Four States had neglected to comply with the recent act of Congress reapportioning representation, having elected their twenty-one members by general ticket. The language of the statute was explicit: “In every case where a State is entitled to more than one Representative, the number to which each State shall be entitled under this apportionment shall be elected by districts composed of contiguous territory equal in number to the number of Representatives, to which said State may be entitled, no one district electing more than one Representative."[170] Now all but two of these twenty-one Representatives were Democrats. Would a Democratic majority punish this flagrant transgression of Federal law by unseating the offenders?

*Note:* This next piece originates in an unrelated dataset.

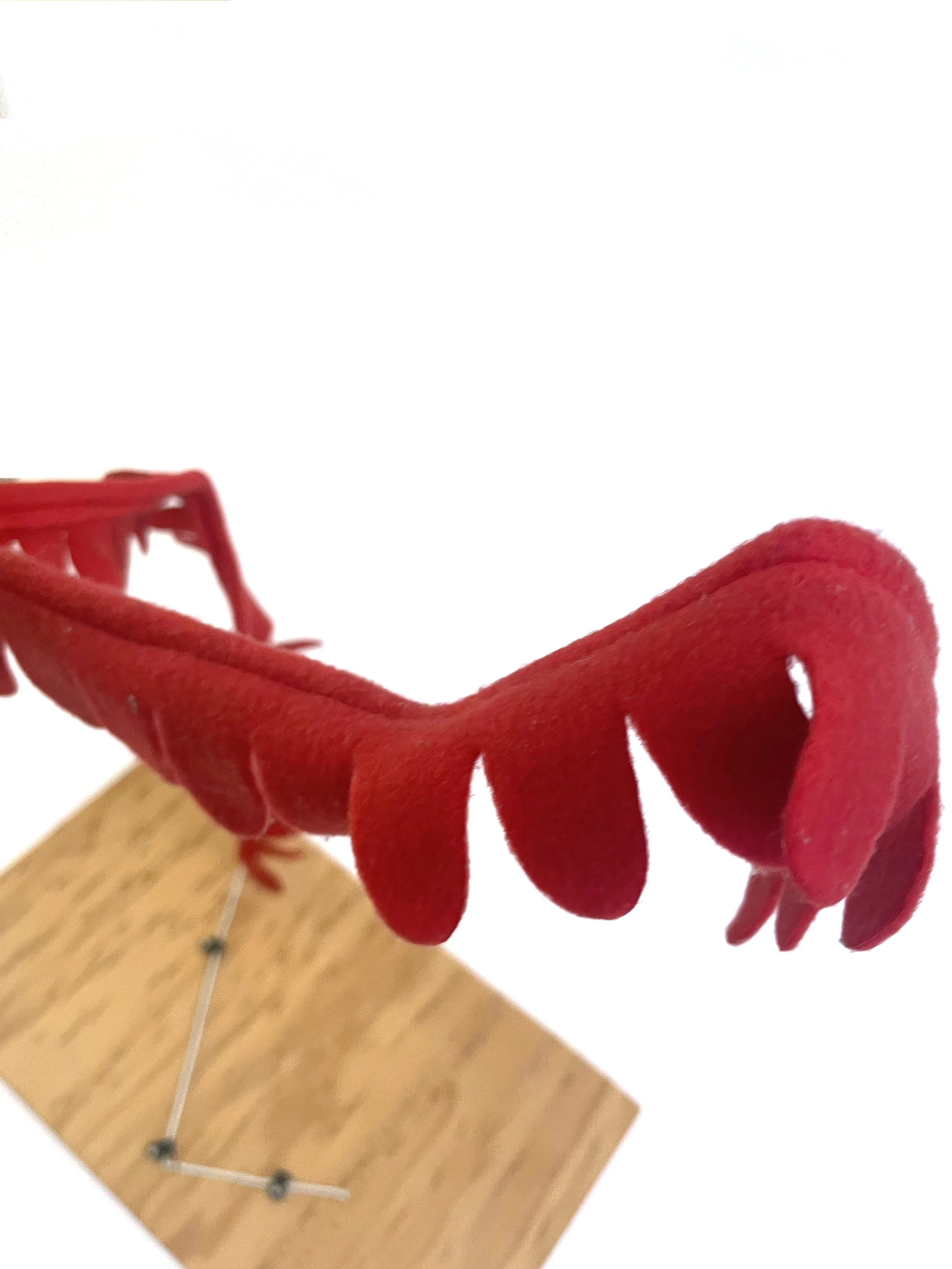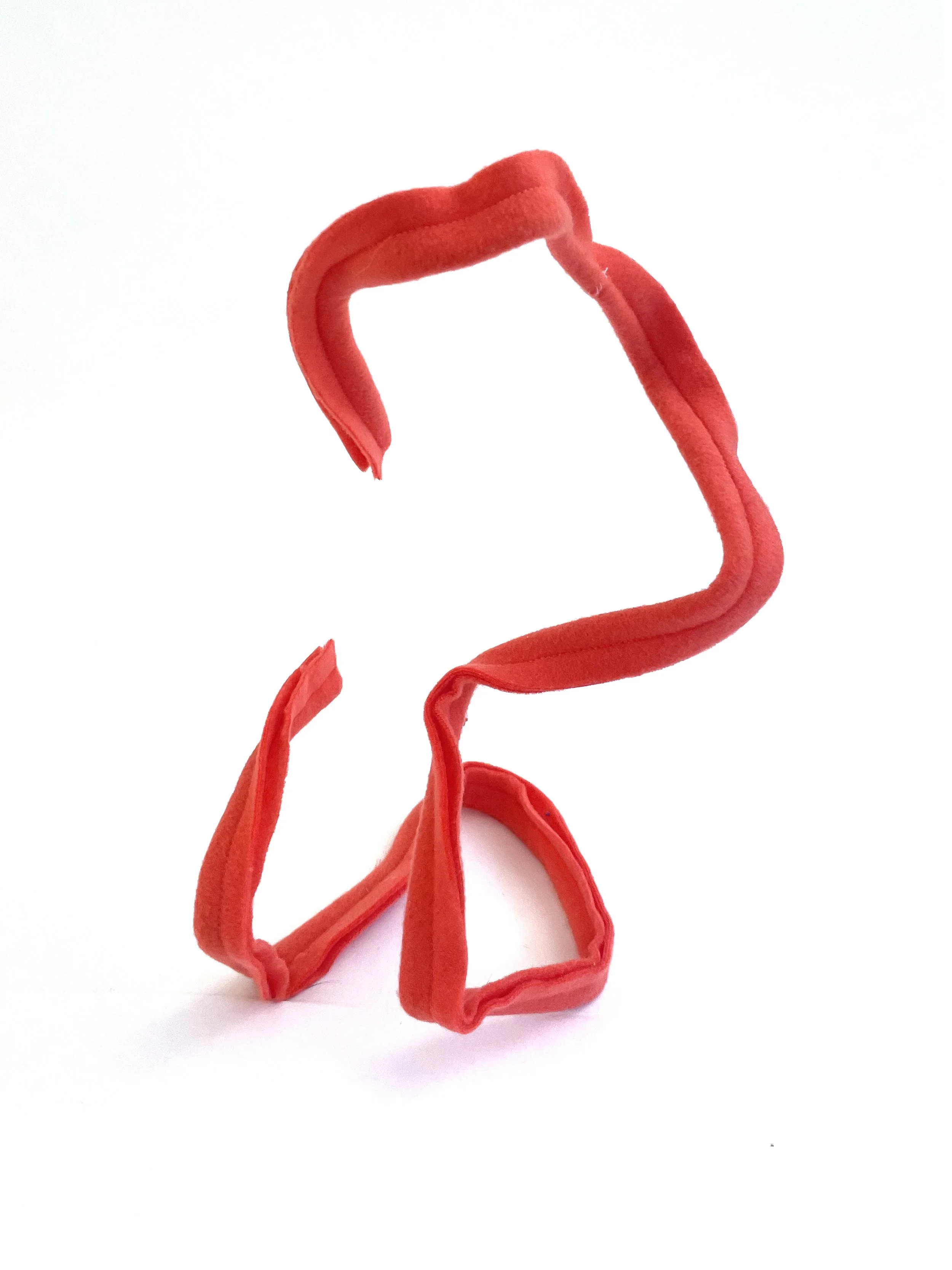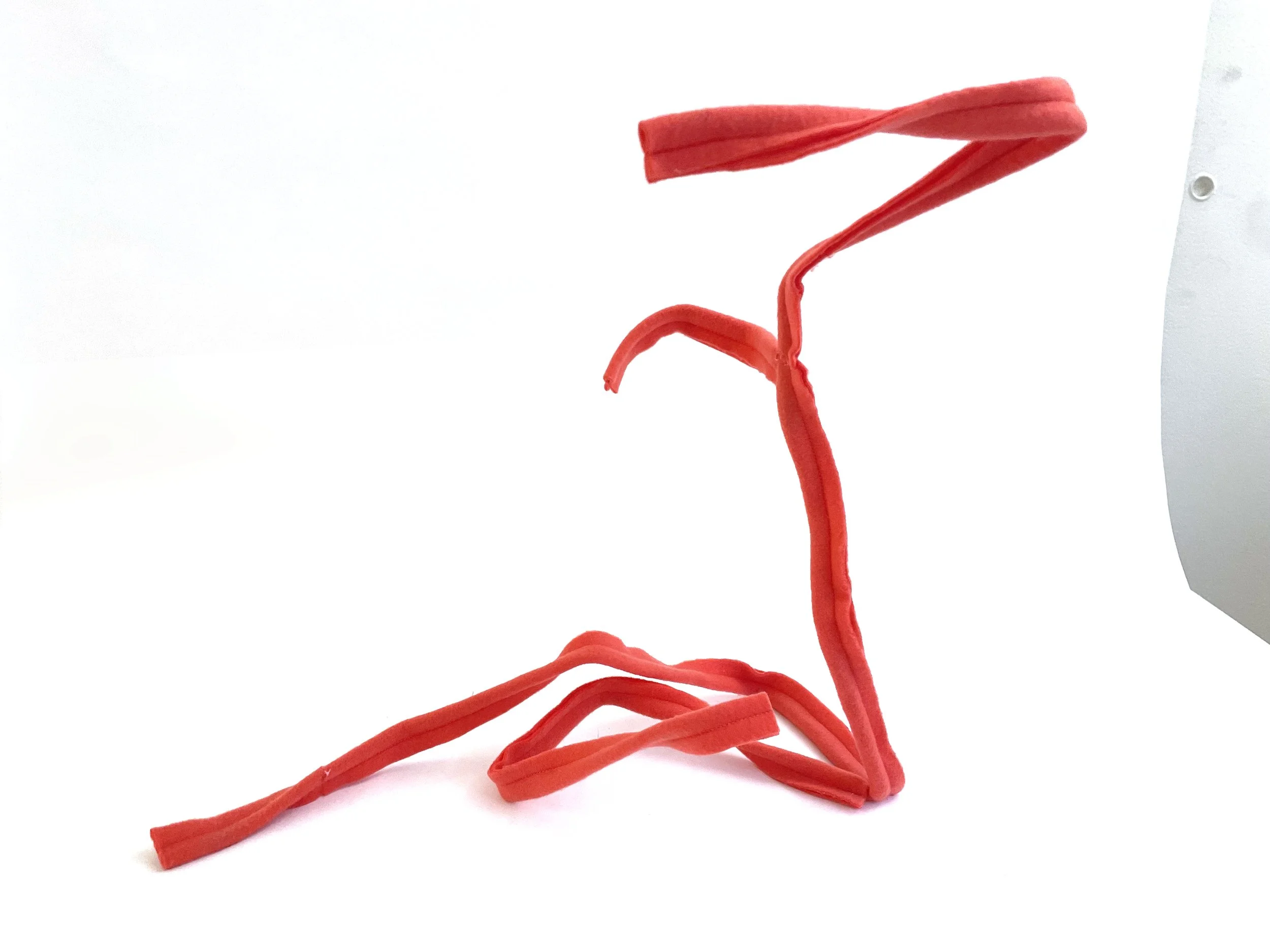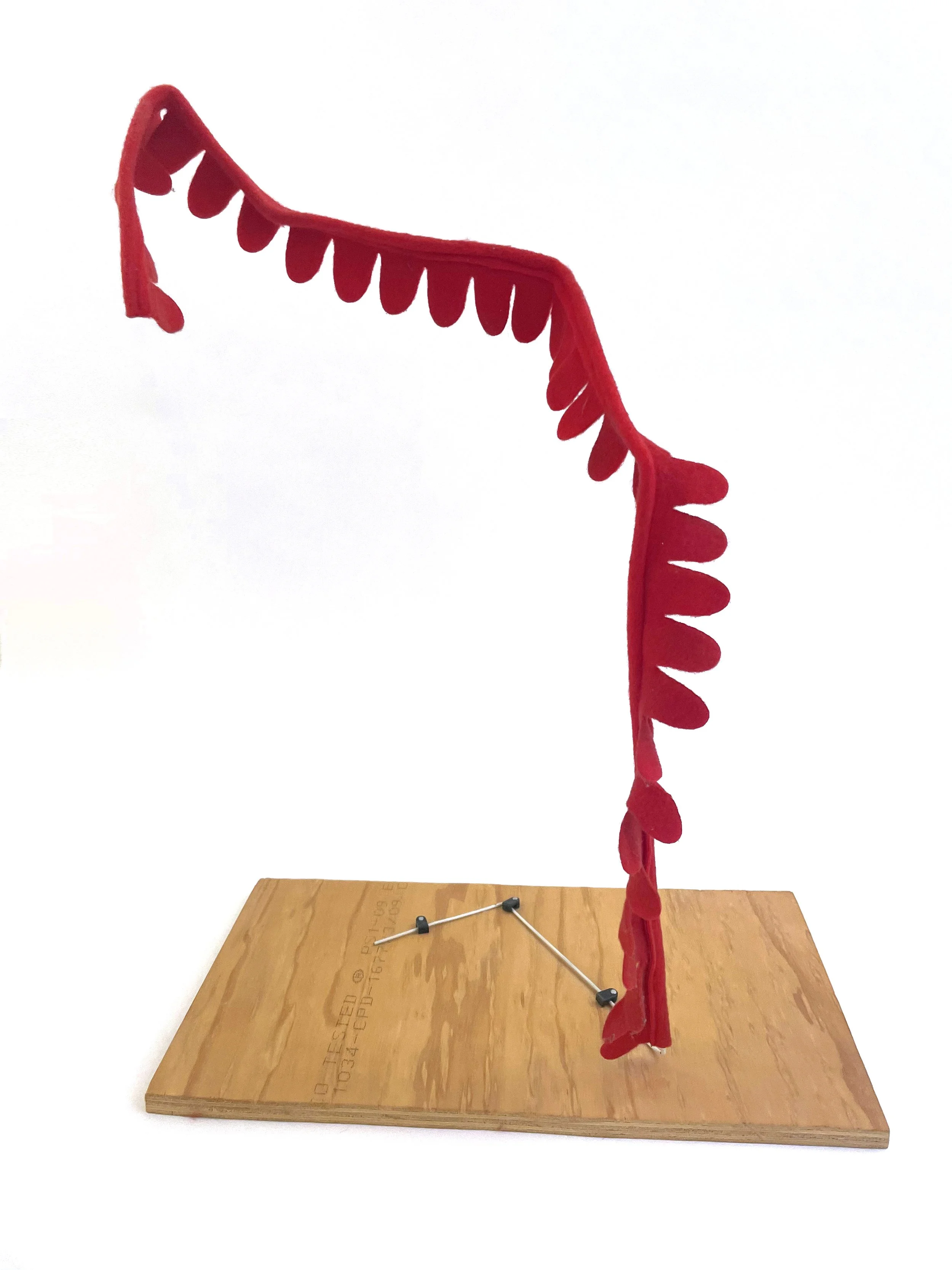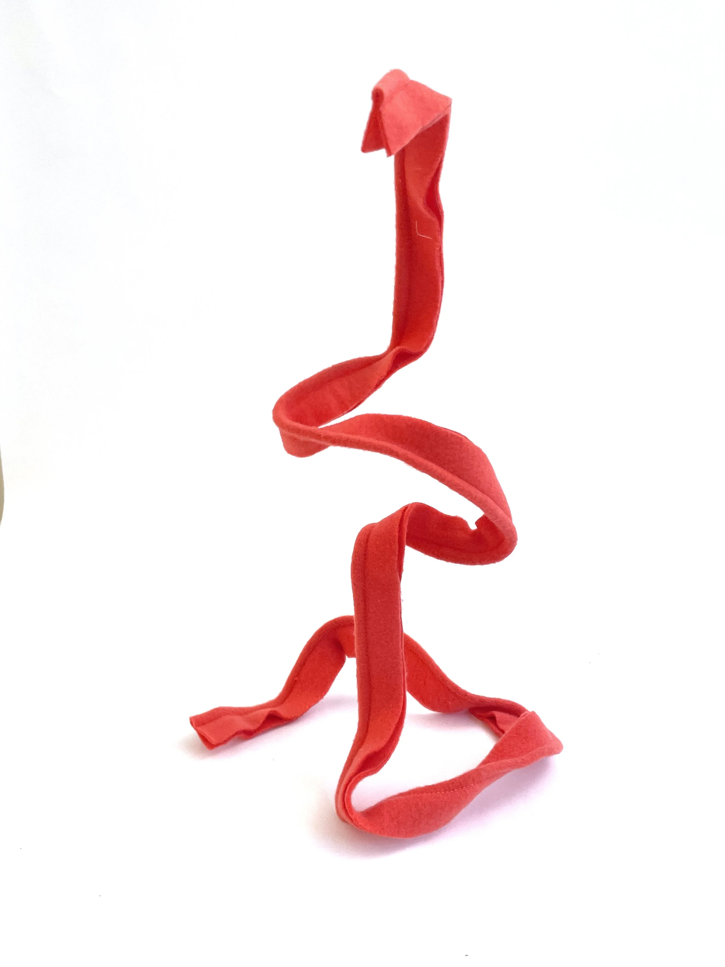 Red Ikea synthetic fabric throws, wire hangers, found plywood, fasteners.

In self-respect the Democratic members of the House could not do less than appoint a committee to investigate whether the representatives in question had been elected “in conformity to the Constitution and the law."[171] Thereupon it devolved upon the six Democratic members of this committee of nine to construct a theory, by which they might seat their party associates under cover of legality. Not that they held any such explicit mandate from the party, nor that they deliberately went to work to pervert the law; they were simply under psychological pressure from which only men of the severest impartiality could free themselves. The work of drafting the majority report (it was a foregone conclusion that the committee would divide), fell to Douglas. It pronounced the law of 1842 “not a law made in pursuance of the Constitution of the United States, and valid, operative, and binding upon the States.” Accordingly, the representatives of the four States in question were entitled to their seats.
By what process of reasoning had Douglas reached this conclusion? The report directed its criticism chiefly against the second section of the Act of 1842, which substituted the district for the general ticket in congressional elections. The Constitution provides that “the Times, Places, and Manner of holding elections for Senators and Representatives, shall be prescribed in each State by the Legislature thereof; but the Congress may at any time by Law make or alter such Regulations.” But by the law of 1842, contended the report, Congress had only partially exercised its power, and had attempted “to subvert the entire system of legislation adopted by the several States of the Union, and to compel them to conform to certain rules established by Congress for their government.” Congress “may” make or alter such regulations, but “the right to change State laws or to enact others which shall suspend them, does not imply the right to compel the State legislatures to make such change or new enactments.” Congress may exercise the privilege of making such regulations, only when the State legislatures refuse to act, or act in a way to subvert the Constitution. If Congress acts at all in fixing times, places, and manner of elections, it must act exhaustively, leaving nothing for the State legislatures to do. The Act of 1842 was general in its nature, and inoperative without State legislation. The history of the Constitutional Convention of 1787 was cited to prove that it was generally understood that Congress would exercise this power only in a few specified cases.[172]